Considering the above situation, the process shown in FIG. 5 may further include Step 504′ and Step 505. Step 504′ will be implemented when the lock is not acquired in Step 501. In Step 504′, the docbase management system determines whether the failure times of acquiring the lock has reached a predetermined threshold. If it has not reached, continue with Step 504; otherwise, continue with Step 505. In Step 505, the ID of the node is transmitted to the deadlock releasing process/thread by a process/thread used to acquire the lock, and then the process is turned to step 500 to try to acquire the lock again after the lock is released by the deadlock releasing process/thread.

The principle of the deadlock releasing process/thread is further described in detail as follows.

1. The main functions of the deadlock releasing process/thread include at least one of follows:

a) The deadlock releasing process/thread scans each existing session in the system, determines sessions which are not responsive, releases those sessions unresponsive and releases the locks held by those sessions unresponsive.
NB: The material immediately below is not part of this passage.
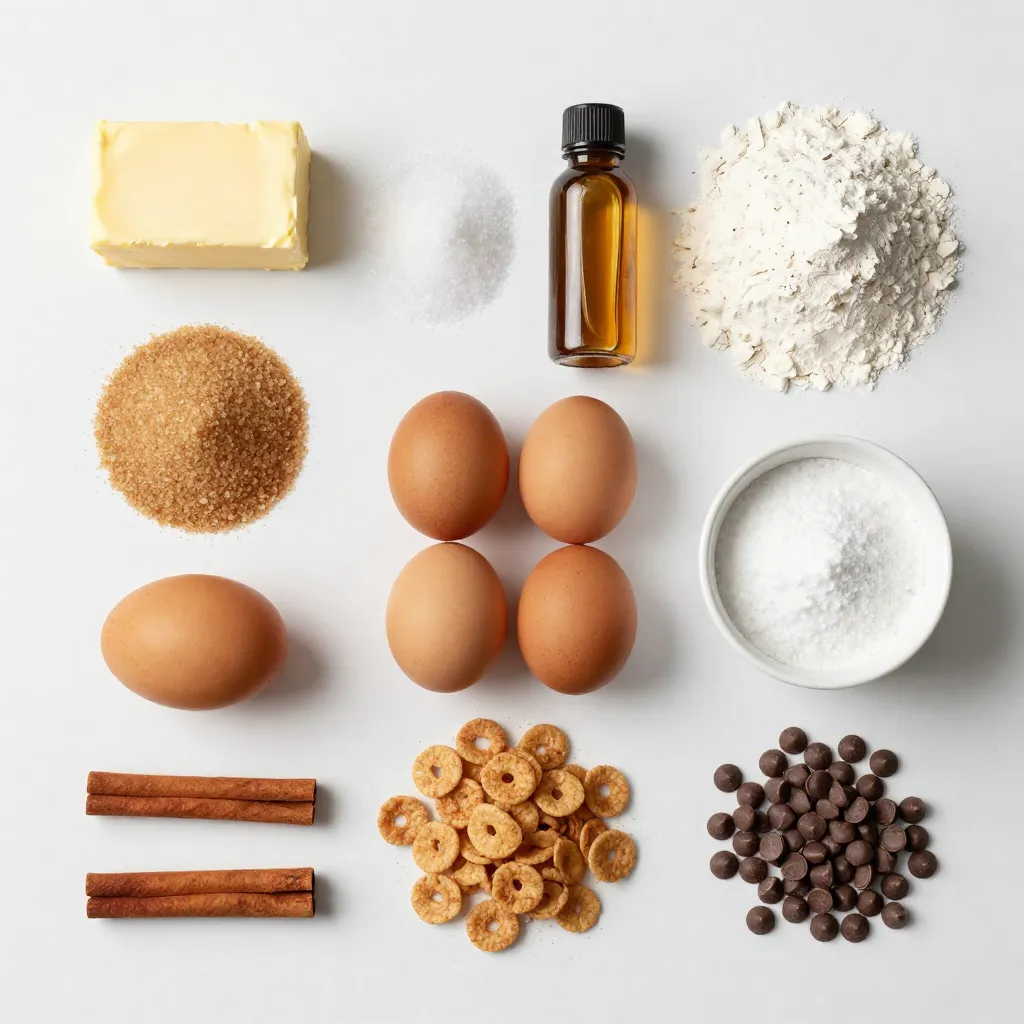 To make these delicious Cinnamon Toast Crunch cookies, you will need the following ingredients: - 1 cup unsalted butter, softened to room temperature - ¾ cup packed brown sugar - ½ cup granulated sugar - 1 large egg - 1 teaspoon pure vanilla extract - 2 cups all-purpose flour - 1 teaspoon baking soda - ½ teaspoon fine salt - 1 tablespoon ground cinnamon - 1 ½ cups Cinnamon Toast Crunch cereal, crushed slightly - ½ cup mini chocolate chips (optional) Each ingredient plays a key role in creating the perfect cookie. The butter adds richness and moisture. Brown sugar brings in a deeper flavor and chewiness, while granulated sugar helps with spreading. The egg provides structure and binds everything together. The flour and baking soda create the right texture, giving the cookies a soft, chewy bite. Salt enhances all the flavors. Ground cinnamon gives that warm, comforting taste that we all love. The Cinnamon Toast Crunch cereal adds a delightful crunch and a hint of sweetness, while mini chocolate chips can make the cookies even sweeter. Gather these ingredients, and let’s get baking! {{ingredient_image_2}} - Preheat oven to 350°F (175°C). - Line a baking sheet with parchment paper. - In a large bowl, combine 1 cup of softened butter, ¾ cup of brown sugar, and ½ cup of granulated sugar. - Mix these together until they are light and fluffy. This takes about 2-3 minutes. - Next, add 1 large egg and 1 teaspoon of pure vanilla extract. Mix well until combined. - In another bowl, whisk together 2 cups of all-purpose flour, 1 teaspoon of baking soda, ½ teaspoon of salt, and 1 tablespoon of ground cinnamon. - This step helps spread the flavors evenly. - Gradually add the dry mix to the wet ingredients. Stir gently until just combined. - Be careful not to overmix. This keeps the cookies soft. - Now, fold in 1 ½ cups of crushed Cinnamon Toast Crunch cereal and ½ cup of mini chocolate chips if you want extra sweetness. - Use a cookie scoop or spoon to drop rounded tablespoons of dough onto the lined baking sheet. - Space them about 2 inches apart to allow for spreading. - Bake in the oven for 10-12 minutes. Look for lightly golden edges and soft centers. - After baking, let the cookies cool on the sheet for about 5 minutes. - Then, transfer them to a wire rack to cool completely. This helps them firm up nicely. To make the best Cinnamon Toast Crunch cookies, you must not overmix the dough. Overmixing can make your cookies tough. Mix just until you see no dry flour. This keeps the cookies soft and tender. For chewy centers, bake them until the edges are golden brown, but the centers look slightly underbaked. Let them cool on the baking sheet for a few minutes before moving them. This extra time helps them set without becoming hard. For a fun display, use a colorful plate to serve your cookies. Stack them high for a tempting look. You can also sprinkle some crushed Cinnamon Toast Crunch on top. This adds a nice crunch and makes your cookies stand out. Consider pairing your cookies with a glass of milk. It not only enhances the flavor but also makes for a delightful snack. Enjoy every bite! Pro Tips Chill the Dough: For thicker cookies, refrigerate the dough for at least 30 minutes before baking. This helps the cookies hold their shape and enhances the flavor. Use Fresh Ingredients: Ensure your baking powder and spices are fresh for the best flavor and texture in your cookies. Mixing Technique: When combining wet and dry ingredients, mix just until incorporated. Overmixing can lead to tough cookies. Storing Cookies: Store baked cookies in an airtight container at room temperature for up to one week to maintain their softness and flavor. {{image_4}} You can easily change up the flavor of your Cinnamon Toast Crunch cookies. Adding a pinch of nutmeg or allspice can give your cookies a unique twist. These spices blend well with cinnamon and add warmth to your treats. Consider using different types of chocolate chips. Dark chocolate pairs nicely with the sweetness. You could also try white chocolate or even butterscotch chips for a fun surprise. If you like nuts, chopped pecans or walnuts can add crunch and richness to your cookies. Just remember to chop them into small pieces for even mixing. If you need gluten-free cookies, swap all-purpose flour for a gluten-free blend. Look for brands that have xanthan gum to help with the texture. You can also use almond flour for a nutty taste. For vegan cookies, replace the egg with a flax egg. Mix one tablespoon of ground flaxseed with three tablespoons of water. Let it sit for five minutes until it thickens. Use coconut oil instead of butter for a dairy-free option. These changes let everyone enjoy these sweet treats! To keep your cookies fresh, store them in an airtight container. This helps to keep them soft and chewy. You can use a glass jar or a plastic container with a lid. If you want to add some fun, you can line the container with parchment paper. This adds a nice touch and helps absorb any moisture. You can freeze raw cookie dough for later use. To do this, scoop the dough onto a baking sheet, leaving space between each scoop. Freeze the dough for about an hour until firm. Then, transfer the frozen dough to a zip-top bag. Be sure to label it with the date! For baked cookies, let them cool completely. Once cooled, place them in a single layer in an airtight container. You can also stack them with parchment paper in between to prevent sticking. When you want to enjoy them, just thaw them at room temperature. They’ll taste fresh and delicious! Yes, you can use other cereals. Try using Fruity Pebbles for a fruity twist. You can also use Rice Krispies for a lighter texture. Each cereal adds a unique flavor and crunch. Just remember, sweeter cereals will make your cookies sweeter. To make these cookies nut-free, skip any nuts in the recipe. You can also check your chocolate chips. Some chocolate chips may have traces of nuts. Always read labels to e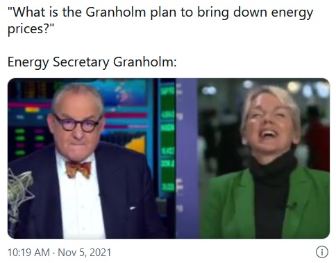 ENERGY: CLICK https://twitter.com/RNCResearch/status/1456610771186634757 [:34] to hear FAUXTUS’ Energy Secretary laugh about the idea that the American government could somehow have anything to say about high gas prices. This video should play on a loop at every gas pump in America.

The deadlock releasing process/thread could be activated at regular time (according to a predetermined time or period) or activated manually by the user.

b) The deadlock releasing process/thread can receive and respond the information from other processes/threads (such as processes/threads for acquiring a lock), scan a session holding a lock appointed by the information and determine whether the session is unresponsive. When the result returns “yes”, the session is released and the lock appointed by the information is further released as well.

2. The following method is applied by the deadlock releasing process/thread to determine whether a session is unresponsive.

The deadlock releasing process/thread monitors implementing time of every operation instruction in each session. When the implementing time of an operation instruction in a session is beyond a preset threshold, the session is considered as unresponsive.

It should be noticed that, a variety of functions may be provided to a client by the docbase management system via interfaces. Therefore, when a session in the docbase management system is busy, it must be occupied by operation instructions (such as: operation instructions on a certain node) issued by the client via interfaces, and the processing time of each interface is not very long. Thus, a time threshold may be preset for each interface as a characteristic value of implementing time of an operation instruction. In each session, after receiving an operation instruction and successfully acquiring the lock of the node corresponding to the operation instruction, information related to the operation instruction will be recorded in a common data structure before the instruction operation is implemented. The information recorded includes: the current time, ID of the current session, name of the corresponding interface, the information of the lock acquired by the operation instruction, etc. The information will be cleared after the operation instruction is implemented. When the time spent by a session on implementing an operation instruction is beyond a time threshold preset for the interface corresponding to the operation instruction, the session is determined as unresponsive.

The following is detail description of the methods for acquiring and releasing a lock in FIG. 4 and FIG. 5.

The two processes of acquiring and releasing a lock respectively are defined based on the data structure of the above concurrency control data.

The concurrency control data of each node in the tree structure specifically includes:

a) Operating status, which includes: reading status, writing status and deleting status. The operations of concurrency control refer to operations on nodes in the tree structure, which includes: reading, writing and deleting operations. Herein, the reading operations mean reading the data of the current node, the writing operations mean writing data to the current node or creating son nodes of the current node, and the deleting operations mean deleting the current node. In an embodiment of the present invention, an operation of deleting the son nodes of the current node includes: an operation of deleting the son nodes and a writing operation on the current node.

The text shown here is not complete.